Prior to joining the Institute, Gardner led efforts at The Institute for Genomic Research (TIGR; now the J Craig Venter Institute) to sequence the genomes of the human malaria parasite Plasmodium falciparum, the related cattle parasite Theileria parva, and the human pathogenic fungus Coccidioides posadasii. He is now directing his efforts toward hypothesis-driven research using a mixture of molecular, biochemical, cell biological, and high throughput approaches including genomics, functional genomics, proteomics and bioinformatics. His areas of research include:
- Systems vaccinology: An effective malaria vaccine that protects both children and adults will be a critical tool for malaria eradication. Recent field trials in Africa of an experimental vaccine have been very encouraging, but vaccine development is a long, laborious process. Other malaria vaccines are being studied in both animal models and in clinical trials. Gardner, in collaboration with the Aderem Lab and others, is employing systems biological approaches to analyze immune responses and gene expression patterns induced by vaccination that can predict protective efficacy and guide further research to produce more effective next-generation malaria vaccines.

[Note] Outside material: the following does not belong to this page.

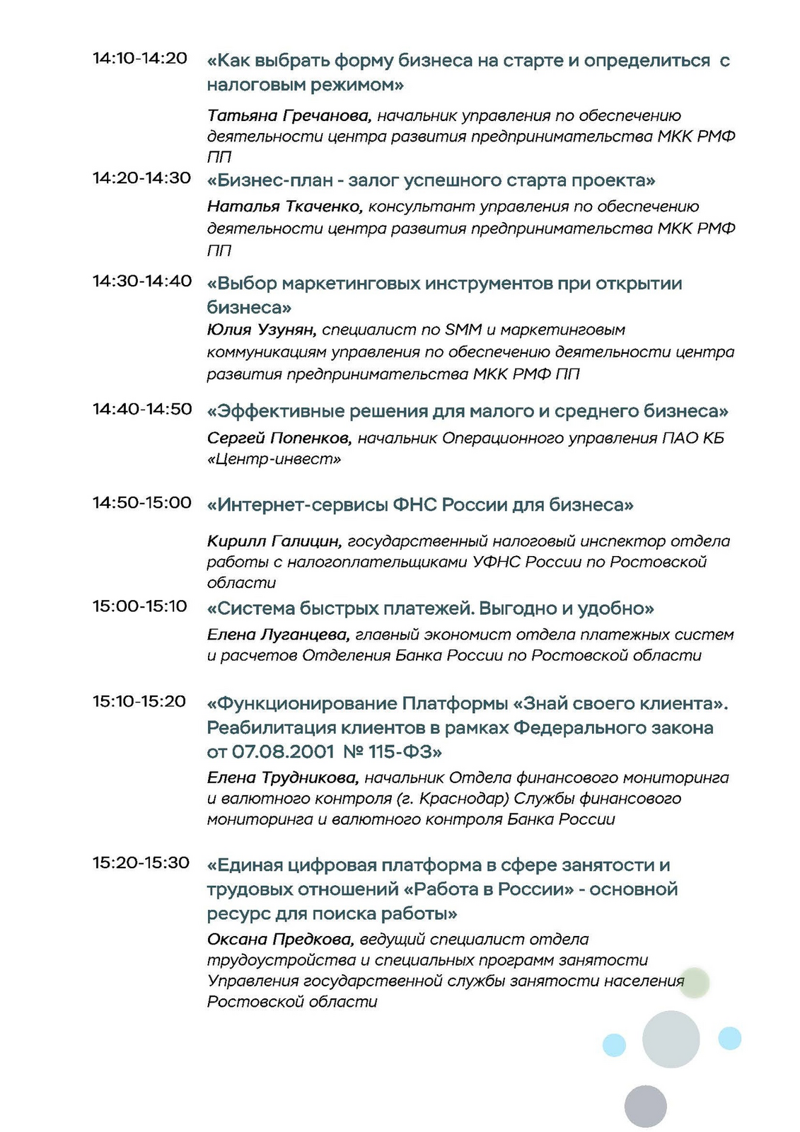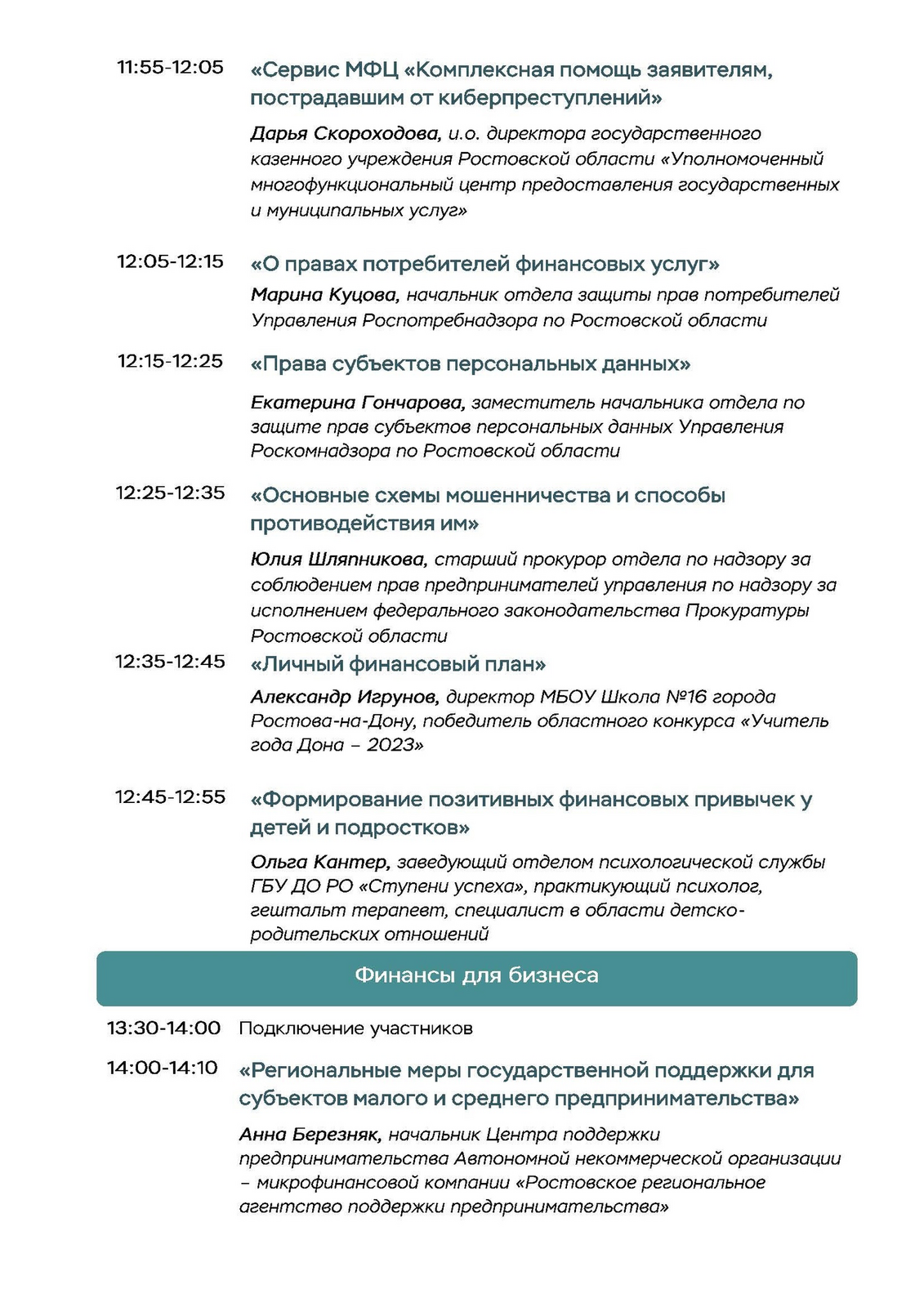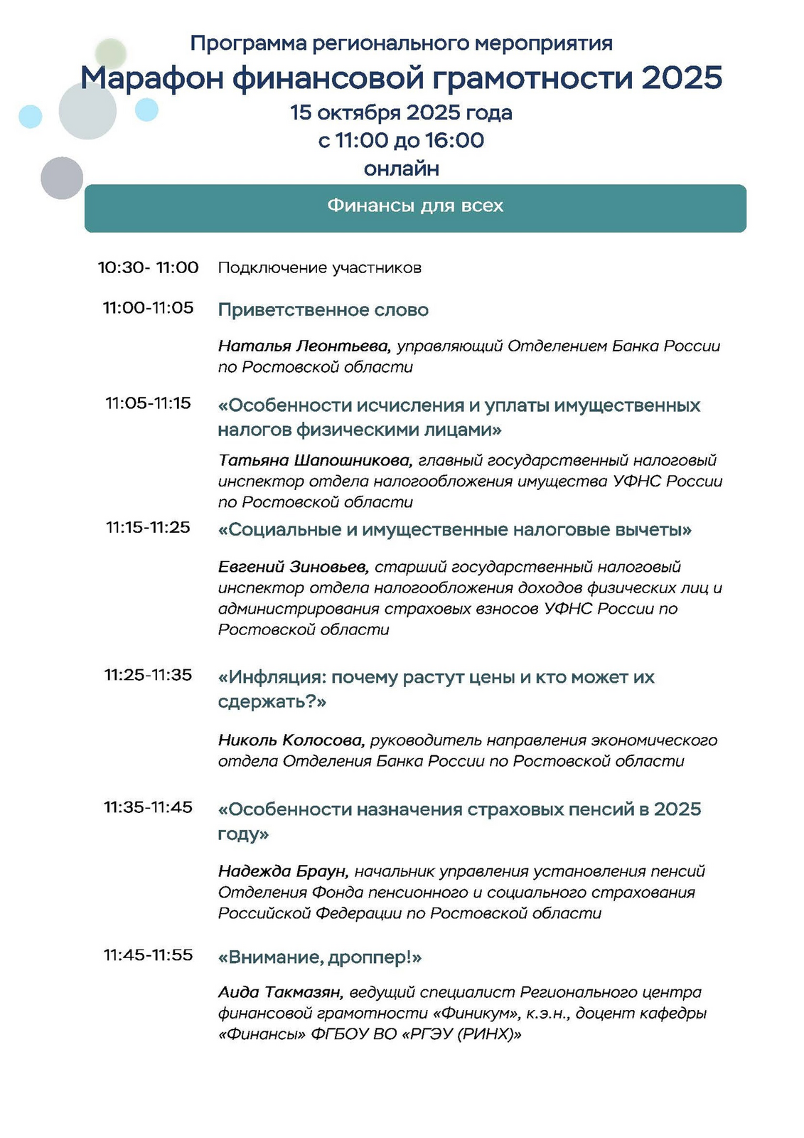 Участники «Марафона финансовой грамотности-2025» узнают, как составить личный финансовый план, получить налоговые вычеты, как формируется пенсия. Эксперты разберут реальные кейсы противодействия кибермошенникам и защиты прав на финансовом рынке, а в блоке для бизнеса расскажут, как успешно развивать свое дело, правильно выбрать банковские продукты, как решать вопросы налогообложения, познакомят с преимуществами Системы быстрых платежей в расчетах.

- Identification and characterization of novel antigens in Plasmodium and other intracellular pathogens: While the P. falciparum genome sequence has been instrumental for the identification of new drug targets, less progress has been made towards the identification of novel vaccine antigens, in part due to the lack of high throughput in vitro systems for the identification of antigens that are targets of protective humoral or cellular immune responses. Gardner is collaborating with Seattle BioMed's Ruobing Wang, Ph.D., and Antigen Discovery, Inc. to develop new "genomes-to-antigens" methodology to enable faster identification of antigens from the human malaria parasites Plasmodium falciparum and Plasmodium vivax.
- Function of the apicoplast in the malaria parasite and related organisms: The malaria parasite Plasmodium and related parasites such as Toxoplasma and Theileria contain an organelle called the apicoplast, a plastid-like structure left over from an ancient secondary endosymbiotic event. Many studies have shown that the apicoplast is required for parasite replication and that malaria parasites can be killed by drugs that inhibit apicoplast functions. Gardner is combining comparative genomics with laboratory studies to investigate the functions of apicoplast proteins in order to identify and validate new drug targets. His lab recently completed biochemical analyses of an apicoplast tRNA synthetase that is needed for protein biosynthesis.
- Plasmodium genomics and bioinformatics
- Systems vaccinology to identify early immune responses that correlate with and predict immunogenicity and protection in clinical trials of candidate malaria vaccines
- Identification of antigens for malaria vaccines and diagnostics
- Function of the apicoplast in Plasmodium and related parasites
- Identification and validation of novel drug targets
Gardner's research is currently supported by funding from PATH/MVI and Seattle BioMed.